■ Goal of the exercise: Set down, exactly as written, the lines from the top of the data to the line that holds "Αρωματικό Αυτοκινήτου Επαγγελματική", and omit the pictures.

Listed entries START

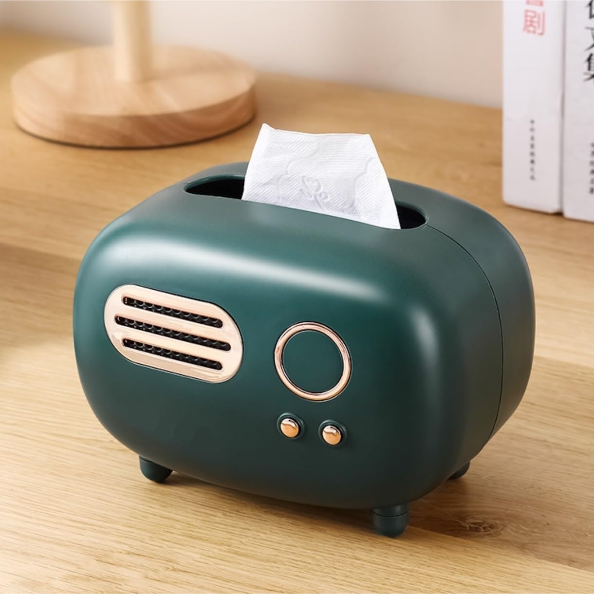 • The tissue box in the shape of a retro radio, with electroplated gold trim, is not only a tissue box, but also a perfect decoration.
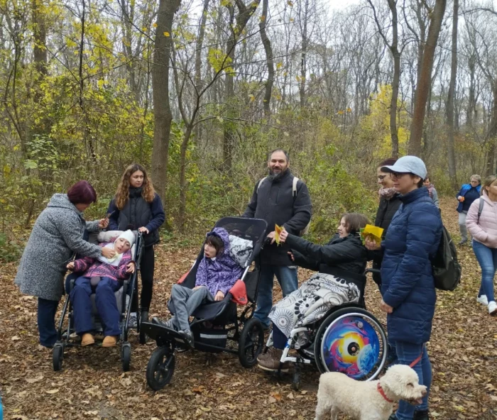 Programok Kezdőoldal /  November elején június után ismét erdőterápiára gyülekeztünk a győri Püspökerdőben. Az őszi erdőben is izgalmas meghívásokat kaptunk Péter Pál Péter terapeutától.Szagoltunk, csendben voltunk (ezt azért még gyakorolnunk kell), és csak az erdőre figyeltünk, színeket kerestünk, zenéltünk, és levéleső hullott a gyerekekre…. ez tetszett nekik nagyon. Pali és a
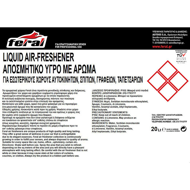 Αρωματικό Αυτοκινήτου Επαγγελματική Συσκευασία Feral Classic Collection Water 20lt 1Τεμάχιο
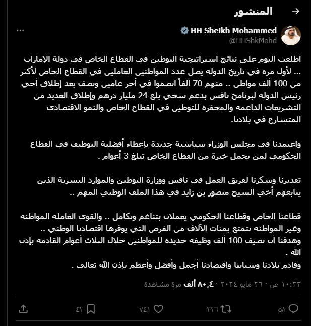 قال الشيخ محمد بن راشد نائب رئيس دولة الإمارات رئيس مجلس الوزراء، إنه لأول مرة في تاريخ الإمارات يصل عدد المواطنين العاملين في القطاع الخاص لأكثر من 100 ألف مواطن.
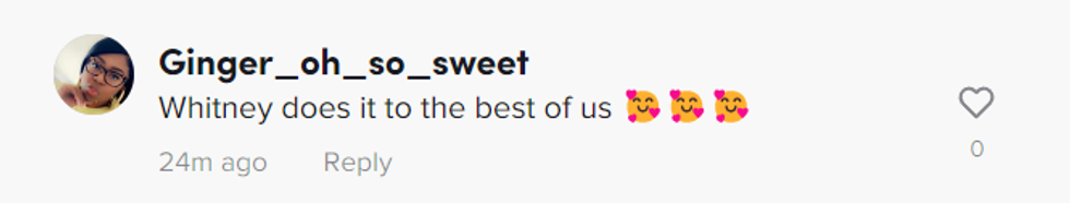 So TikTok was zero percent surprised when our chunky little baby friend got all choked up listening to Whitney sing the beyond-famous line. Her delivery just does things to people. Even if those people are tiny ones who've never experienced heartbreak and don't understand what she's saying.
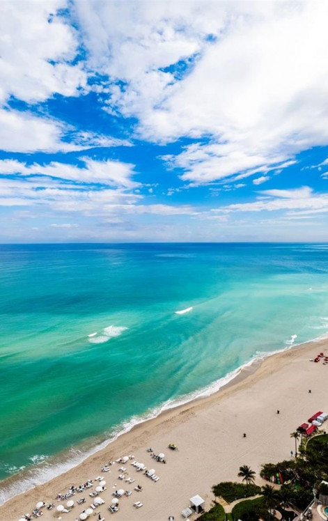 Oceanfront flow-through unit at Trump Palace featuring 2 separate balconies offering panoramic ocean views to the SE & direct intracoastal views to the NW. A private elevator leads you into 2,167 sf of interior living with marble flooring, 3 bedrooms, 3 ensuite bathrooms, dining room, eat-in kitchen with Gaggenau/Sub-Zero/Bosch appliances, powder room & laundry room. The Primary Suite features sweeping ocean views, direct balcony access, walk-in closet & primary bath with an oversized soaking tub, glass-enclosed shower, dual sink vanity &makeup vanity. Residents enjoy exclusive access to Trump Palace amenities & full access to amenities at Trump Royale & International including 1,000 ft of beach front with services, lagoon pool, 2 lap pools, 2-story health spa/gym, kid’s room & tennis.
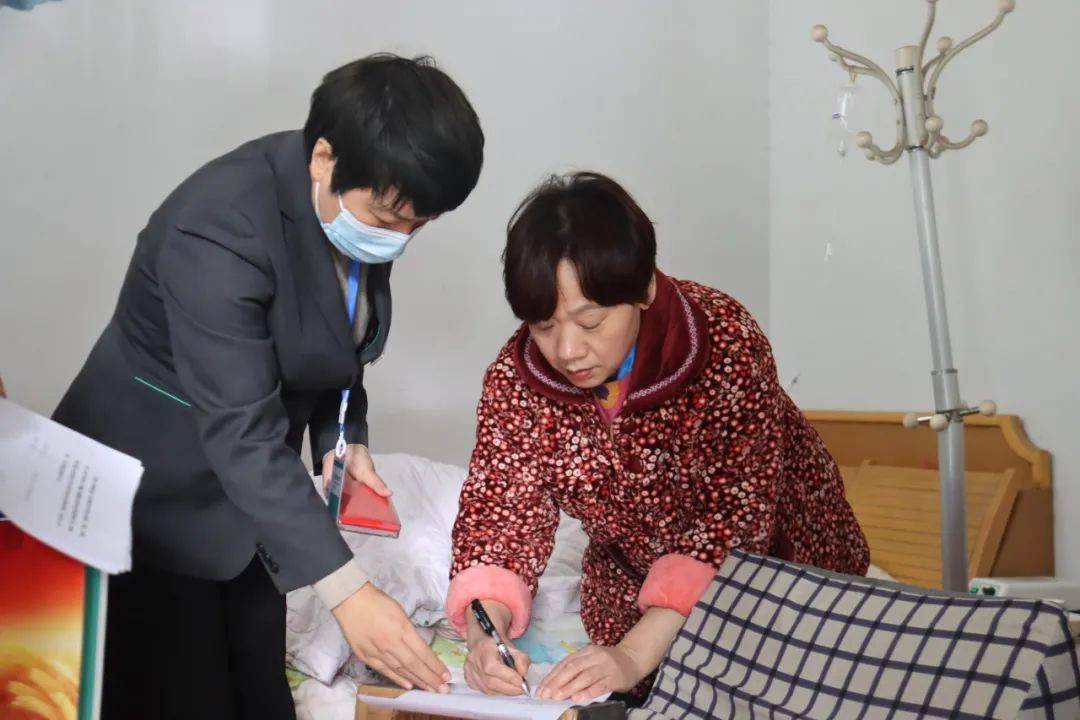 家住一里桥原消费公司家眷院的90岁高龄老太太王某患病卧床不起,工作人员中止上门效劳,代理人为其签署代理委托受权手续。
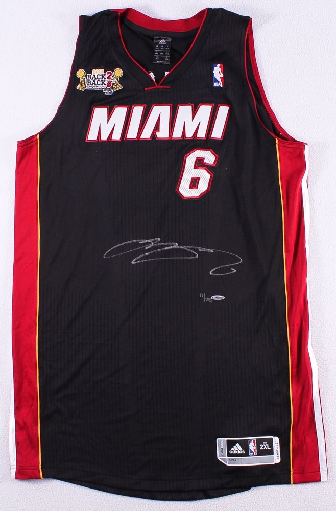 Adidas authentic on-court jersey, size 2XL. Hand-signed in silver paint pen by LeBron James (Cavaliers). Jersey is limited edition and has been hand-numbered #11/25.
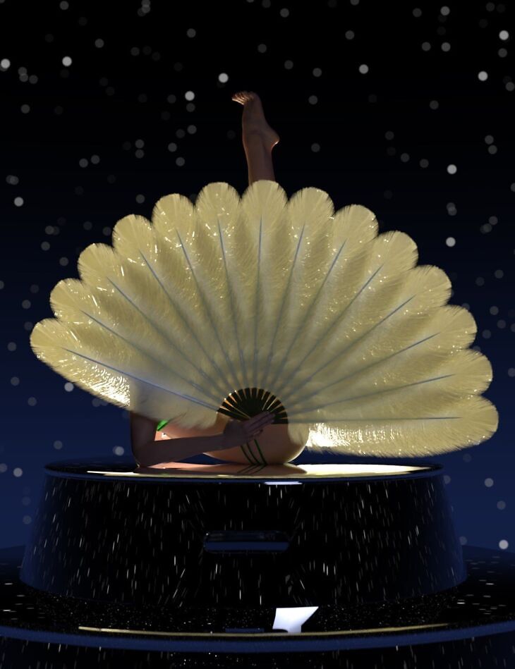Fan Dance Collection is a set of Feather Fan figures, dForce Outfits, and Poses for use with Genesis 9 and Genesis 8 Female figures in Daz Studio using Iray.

Listed entries END

■ Exercise output:
 • The tissue box in the shape of a retro radio, with electroplated gold trim, is not only a tissue box, but also a perfect decoration.
 Programok Kezdőoldal /  November elején június után ismét erdőterápiára gyülekeztünk a győri Püspökerdőben. Az őszi erdőben is izgalmas meghívásokat kaptunk Péter Pál Péter terapeutától.Szagoltunk, csendben voltunk (ezt azért még gyakorolnunk kell), és csak az erdőre figyeltünk, színeket kerestünk, zenéltünk, és levéleső hullott a gyerekekre…. ez tetszett nekik nagyon. Pali és a
 Αρωματικό Αυτοκινήτου Επαγγελματική Συσκευασία Feral Classic Collection Water 20lt 1Τεμάχιο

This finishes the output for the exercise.